The input -
+ + + + + + +

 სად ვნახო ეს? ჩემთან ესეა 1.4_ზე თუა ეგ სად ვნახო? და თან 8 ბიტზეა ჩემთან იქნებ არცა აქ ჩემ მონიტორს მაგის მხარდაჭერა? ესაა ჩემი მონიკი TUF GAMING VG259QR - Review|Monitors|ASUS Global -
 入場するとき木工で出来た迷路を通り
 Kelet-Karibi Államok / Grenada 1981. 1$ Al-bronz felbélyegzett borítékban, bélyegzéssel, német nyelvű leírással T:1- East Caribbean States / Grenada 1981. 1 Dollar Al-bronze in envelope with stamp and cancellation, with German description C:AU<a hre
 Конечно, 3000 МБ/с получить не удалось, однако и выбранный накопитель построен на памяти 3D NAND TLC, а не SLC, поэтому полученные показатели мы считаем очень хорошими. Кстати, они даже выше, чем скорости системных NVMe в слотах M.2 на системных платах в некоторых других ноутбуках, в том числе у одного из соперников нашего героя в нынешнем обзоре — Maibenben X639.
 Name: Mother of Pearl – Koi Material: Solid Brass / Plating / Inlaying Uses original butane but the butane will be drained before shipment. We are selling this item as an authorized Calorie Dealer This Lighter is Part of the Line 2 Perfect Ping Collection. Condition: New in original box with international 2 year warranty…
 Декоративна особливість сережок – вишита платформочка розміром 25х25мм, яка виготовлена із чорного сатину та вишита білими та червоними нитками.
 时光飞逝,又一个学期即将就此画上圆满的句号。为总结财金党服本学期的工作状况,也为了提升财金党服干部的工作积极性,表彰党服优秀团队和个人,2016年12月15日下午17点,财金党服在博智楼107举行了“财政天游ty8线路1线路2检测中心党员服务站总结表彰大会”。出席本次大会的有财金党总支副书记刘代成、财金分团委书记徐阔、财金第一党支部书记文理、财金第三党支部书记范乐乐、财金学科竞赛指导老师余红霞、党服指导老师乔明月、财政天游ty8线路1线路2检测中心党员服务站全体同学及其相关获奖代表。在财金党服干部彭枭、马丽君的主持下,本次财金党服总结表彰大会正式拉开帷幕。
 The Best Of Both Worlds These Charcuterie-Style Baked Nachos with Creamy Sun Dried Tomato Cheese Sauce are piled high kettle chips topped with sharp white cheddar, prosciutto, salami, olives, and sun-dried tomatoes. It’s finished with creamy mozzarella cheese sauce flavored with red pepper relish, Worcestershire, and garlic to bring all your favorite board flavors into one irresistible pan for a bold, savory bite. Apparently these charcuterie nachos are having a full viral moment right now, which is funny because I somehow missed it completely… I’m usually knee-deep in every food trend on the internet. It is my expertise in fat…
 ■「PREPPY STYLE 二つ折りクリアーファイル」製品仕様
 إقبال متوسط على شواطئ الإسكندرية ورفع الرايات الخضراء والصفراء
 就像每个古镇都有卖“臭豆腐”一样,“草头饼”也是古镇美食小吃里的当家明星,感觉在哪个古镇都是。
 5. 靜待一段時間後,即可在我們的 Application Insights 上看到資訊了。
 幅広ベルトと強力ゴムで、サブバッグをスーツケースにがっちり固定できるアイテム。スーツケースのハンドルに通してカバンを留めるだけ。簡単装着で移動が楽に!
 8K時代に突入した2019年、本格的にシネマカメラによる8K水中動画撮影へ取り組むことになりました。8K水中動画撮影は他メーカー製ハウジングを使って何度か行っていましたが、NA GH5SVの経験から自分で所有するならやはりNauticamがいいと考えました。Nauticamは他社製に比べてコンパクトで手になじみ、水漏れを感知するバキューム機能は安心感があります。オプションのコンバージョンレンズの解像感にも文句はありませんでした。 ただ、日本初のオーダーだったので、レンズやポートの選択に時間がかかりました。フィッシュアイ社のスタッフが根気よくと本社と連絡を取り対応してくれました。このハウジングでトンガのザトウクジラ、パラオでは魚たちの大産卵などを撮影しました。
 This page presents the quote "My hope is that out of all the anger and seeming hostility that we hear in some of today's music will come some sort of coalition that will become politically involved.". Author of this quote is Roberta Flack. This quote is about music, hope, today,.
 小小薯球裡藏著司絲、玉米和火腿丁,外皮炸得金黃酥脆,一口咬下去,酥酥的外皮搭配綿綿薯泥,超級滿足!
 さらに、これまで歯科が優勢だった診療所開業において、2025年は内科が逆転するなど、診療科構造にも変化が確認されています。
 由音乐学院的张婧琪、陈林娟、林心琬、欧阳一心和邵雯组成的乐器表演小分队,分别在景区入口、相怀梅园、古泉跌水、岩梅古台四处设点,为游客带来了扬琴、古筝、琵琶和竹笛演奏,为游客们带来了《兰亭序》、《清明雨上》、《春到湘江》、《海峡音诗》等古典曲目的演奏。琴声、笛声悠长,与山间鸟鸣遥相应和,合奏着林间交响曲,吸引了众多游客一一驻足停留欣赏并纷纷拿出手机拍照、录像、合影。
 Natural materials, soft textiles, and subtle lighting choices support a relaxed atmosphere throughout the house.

+ + + + + + +

Exercise prompt - Leaving nothing out, print each line above exactly.

Written response -
 სად ვნახო ეს? ჩემთან ესეა 1.4_ზე თუა ეგ სად ვნახო? და თან 8 ბიტზეა ჩემთან იქნებ არცა აქ ჩემ მონიტორს მაგის მხარდაჭერა? ესაა ჩემი მონიკი TUF GAMING VG259QR - Review|Monitors|ASUS Global -
 入場するとき木工で出来た迷路を通り
 Kelet-Karibi Államok / Grenada 1981. 1$ Al-bronz felbélyegzett borítékban, bélyegzéssel, német nyelvű leírással T:1- East Caribbean States / Grenada 1981. 1 Dollar Al-bronze in envelope with stamp and cancellation, with German description C:AU<a hre
 Конечно, 3000 МБ/с получить не удалось, однако и выбранный накопитель построен на памяти 3D NAND TLC, а не SLC, поэтому полученные показатели мы считаем очень хорошими. Кстати, они даже выше, чем скорости системных NVMe в слотах M.2 на системных платах в некоторых других ноутбуках, в том числе у одного из соперников нашего героя в нынешнем обзоре — Maibenben X639.
 Name: Mother of Pearl – Koi Material: Solid Brass / Plating / Inlaying Uses original butane but the butane will be drained before shipment. We are selling this item as an authorized Calorie Dealer This Lighter is Part of the Line 2 Perfect Ping Collection. Condition: New in original box with international 2 year warranty…
 Декоративна особливість сережок – вишита платформочка розміром 25х25мм, яка виготовлена із чорного сатину та вишита білими та червоними нитками.
 时光飞逝,又一个学期即将就此画上圆满的句号。为总结财金党服本学期的工作状况,也为了提升财金党服干部的工作积极性,表彰党服优秀团队和个人,2016年12月15日下午17点,财金党服在博智楼107举行了“财政天游ty8线路1线路2检测中心党员服务站总结表彰大会”。出席本次大会的有财金党总支副书记刘代成、财金分团委书记徐阔、财金第一党支部书记文理、财金第三党支部书记范乐乐、财金学科竞赛指导老师余红霞、党服指导老师乔明月、财政天游ty8线路1线路2检测中心党员服务站全体同学及其相关获奖代表。在财金党服干部彭枭、马丽君的主持下,本次财金党服总结表彰大会正式拉开帷幕。
 The Best Of Both Worlds These Charcuterie-Style Baked Nachos with Creamy Sun Dried Tomato Cheese Sauce are piled high kettle chips topped with sharp white cheddar, prosciutto, salami, olives, and sun-dried tomatoes. It’s finished with creamy mozzarella cheese sauce flavored with red pepper relish, Worcestershire, and garlic to bring all your favorite board flavors into one irresistible pan for a bold, savory bite. Apparently these charcuterie nachos are having a full viral moment right now, which is funny because I somehow missed it completely… I’m usually knee-deep in every food trend on the internet. It is my expertise in fat…
 ■「PREPPY STYLE 二つ折りクリアーファイル」製品仕様
 إقبال متوسط على شواطئ الإسكندرية ورفع الرايات الخضراء والصفراء
 就像每个古镇都有卖“臭豆腐”一样,“草头饼”也是古镇美食小吃里的当家明星,感觉在哪个古镇都是。
 5. 靜待一段時間後,即可在我們的 Application Insights 上看到資訊了。
 幅広ベルトと強力ゴムで、サブバッグをスーツケースにがっちり固定できるアイテム。スーツケースのハンドルに通してカバンを留めるだけ。簡単装着で移動が楽に!
 8K時代に突入した2019年、本格的にシネマカメラによる8K水中動画撮影へ取り組むことになりました。8K水中動画撮影は他メーカー製ハウジングを使って何度か行っていましたが、NA GH5SVの経験から自分で所有するならやはりNauticamがいいと考えました。Nauticamは他社製に比べてコンパクトで手になじみ、水漏れを感知するバキューム機能は安心感があります。オプションのコンバージョンレンズの解像感にも文句はありませんでした。 ただ、日本初のオーダーだったので、レンズやポートの選択に時間がかかりました。フィッシュアイ社のスタッフが根気よくと本社と連絡を取り対応してくれました。このハウジングでトンガのザトウクジラ、パラオでは魚たちの大産卵などを撮影しました。
 This page presents the quote "My hope is that out of all the anger and seeming hostility that we hear in some of today's music will come some sort of coalition that will become politically involved.". Author of this quote is Roberta Flack. This quote is about music, hope, today,.
 小小薯球裡藏著司絲、玉米和火腿丁,外皮炸得金黃酥脆,一口咬下去,酥酥的外皮搭配綿綿薯泥,超級滿足!
 さらに、これまで歯科が優勢だった診療所開業において、2025年は内科が逆転するなど、診療科構造にも変化が確認されています。
 由音乐学院的张婧琪、陈林娟、林心琬、欧阳一心和邵雯组成的乐器表演小分队,分别在景区入口、相怀梅园、古泉跌水、岩梅古台四处设点,为游客带来了扬琴、古筝、琵琶和竹笛演奏,为游客们带来了《兰亭序》、《清明雨上》、《春到湘江》、《海峡音诗》等古典曲目的演奏。琴声、笛声悠长,与山间鸟鸣遥相应和,合奏着林间交响曲,吸引了众多游客一一驻足停留欣赏并纷纷拿出手机拍照、录像、合影。
 Natural materials, soft textiles, and subtle lighting choices support a relaxed atmosphere throughout the house.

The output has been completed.